§ **INPUT FOR THIS TASK**
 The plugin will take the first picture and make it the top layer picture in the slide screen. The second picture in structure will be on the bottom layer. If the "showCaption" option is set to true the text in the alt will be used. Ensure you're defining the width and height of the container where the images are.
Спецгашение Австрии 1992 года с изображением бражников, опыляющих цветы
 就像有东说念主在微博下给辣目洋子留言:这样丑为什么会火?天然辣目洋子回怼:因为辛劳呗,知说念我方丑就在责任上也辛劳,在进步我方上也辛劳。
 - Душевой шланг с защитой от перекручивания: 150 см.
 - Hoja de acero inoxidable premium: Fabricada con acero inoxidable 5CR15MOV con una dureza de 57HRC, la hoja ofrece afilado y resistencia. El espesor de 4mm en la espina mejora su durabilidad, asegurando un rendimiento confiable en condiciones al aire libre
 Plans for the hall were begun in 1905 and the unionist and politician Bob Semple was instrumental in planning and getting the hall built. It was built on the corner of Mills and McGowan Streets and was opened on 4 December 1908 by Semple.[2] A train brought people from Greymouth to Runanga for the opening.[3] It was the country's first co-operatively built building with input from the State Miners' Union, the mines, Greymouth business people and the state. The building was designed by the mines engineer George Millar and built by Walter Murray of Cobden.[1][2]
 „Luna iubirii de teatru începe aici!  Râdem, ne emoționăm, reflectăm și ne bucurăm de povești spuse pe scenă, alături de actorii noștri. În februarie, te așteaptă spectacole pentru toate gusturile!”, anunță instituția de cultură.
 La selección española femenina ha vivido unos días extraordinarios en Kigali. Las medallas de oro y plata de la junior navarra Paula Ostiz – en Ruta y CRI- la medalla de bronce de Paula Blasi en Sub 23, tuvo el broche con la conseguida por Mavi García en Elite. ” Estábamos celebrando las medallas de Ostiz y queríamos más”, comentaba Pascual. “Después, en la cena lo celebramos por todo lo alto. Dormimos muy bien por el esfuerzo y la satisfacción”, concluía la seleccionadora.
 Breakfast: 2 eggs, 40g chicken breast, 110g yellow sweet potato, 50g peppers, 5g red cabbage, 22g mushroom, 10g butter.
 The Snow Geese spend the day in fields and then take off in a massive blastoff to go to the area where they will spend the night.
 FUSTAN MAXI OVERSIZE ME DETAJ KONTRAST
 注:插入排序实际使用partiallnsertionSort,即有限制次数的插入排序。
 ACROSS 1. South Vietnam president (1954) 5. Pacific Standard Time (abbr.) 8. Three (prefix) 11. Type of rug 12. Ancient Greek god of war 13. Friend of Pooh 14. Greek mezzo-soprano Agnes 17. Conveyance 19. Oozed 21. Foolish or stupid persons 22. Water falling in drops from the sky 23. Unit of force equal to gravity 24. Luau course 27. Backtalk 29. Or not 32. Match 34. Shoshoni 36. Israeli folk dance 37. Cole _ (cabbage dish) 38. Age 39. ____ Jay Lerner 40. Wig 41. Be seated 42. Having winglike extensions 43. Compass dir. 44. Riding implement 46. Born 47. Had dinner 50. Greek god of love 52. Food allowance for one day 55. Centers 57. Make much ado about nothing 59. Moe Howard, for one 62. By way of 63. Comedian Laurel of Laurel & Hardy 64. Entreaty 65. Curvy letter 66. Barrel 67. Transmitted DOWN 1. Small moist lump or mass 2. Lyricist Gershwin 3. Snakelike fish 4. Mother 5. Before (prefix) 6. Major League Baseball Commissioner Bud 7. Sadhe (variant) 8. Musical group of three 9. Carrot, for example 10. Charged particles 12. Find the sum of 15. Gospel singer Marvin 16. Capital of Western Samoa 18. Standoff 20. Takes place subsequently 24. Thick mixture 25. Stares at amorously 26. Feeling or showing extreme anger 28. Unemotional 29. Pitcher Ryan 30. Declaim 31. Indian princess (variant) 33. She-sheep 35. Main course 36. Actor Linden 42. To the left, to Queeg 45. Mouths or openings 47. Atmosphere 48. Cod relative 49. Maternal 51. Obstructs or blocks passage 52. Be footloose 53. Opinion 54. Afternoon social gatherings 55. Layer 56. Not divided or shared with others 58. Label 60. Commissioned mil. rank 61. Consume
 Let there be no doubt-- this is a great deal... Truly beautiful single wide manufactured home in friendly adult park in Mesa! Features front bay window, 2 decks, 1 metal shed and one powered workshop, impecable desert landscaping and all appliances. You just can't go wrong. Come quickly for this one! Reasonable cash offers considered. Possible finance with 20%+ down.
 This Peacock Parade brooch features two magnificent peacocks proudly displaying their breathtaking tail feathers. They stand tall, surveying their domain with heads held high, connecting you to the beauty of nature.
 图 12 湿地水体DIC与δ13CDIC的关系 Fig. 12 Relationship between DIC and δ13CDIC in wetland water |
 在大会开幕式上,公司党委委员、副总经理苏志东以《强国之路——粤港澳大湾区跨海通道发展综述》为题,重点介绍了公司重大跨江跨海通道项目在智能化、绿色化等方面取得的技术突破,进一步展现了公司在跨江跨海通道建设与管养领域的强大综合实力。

§ **DIRECTIONS FOR THIS TASK**
Print the first line of the records above and each line after it, exactly, through the line with "- Душевой шланг".

§ **SOLUTION TO THIS PROBLEM**
 The plugin will take the first picture and make it the top layer picture in the slide screen. The second picture in structure will be on the bottom layer. If the "showCaption" option is set to true the text in the alt will be used. Ensure you're defining the width and height of the container where the images are.
Спецгашение Австрии 1992 года с изображением бражников, опыляющих цветы
 就像有东说念主在微博下给辣目洋子留言:这样丑为什么会火?天然辣目洋子回怼:因为辛劳呗,知说念我方丑就在责任上也辛劳,在进步我方上也辛劳。
 - Душевой шланг с защитой от перекручивания: 150 см.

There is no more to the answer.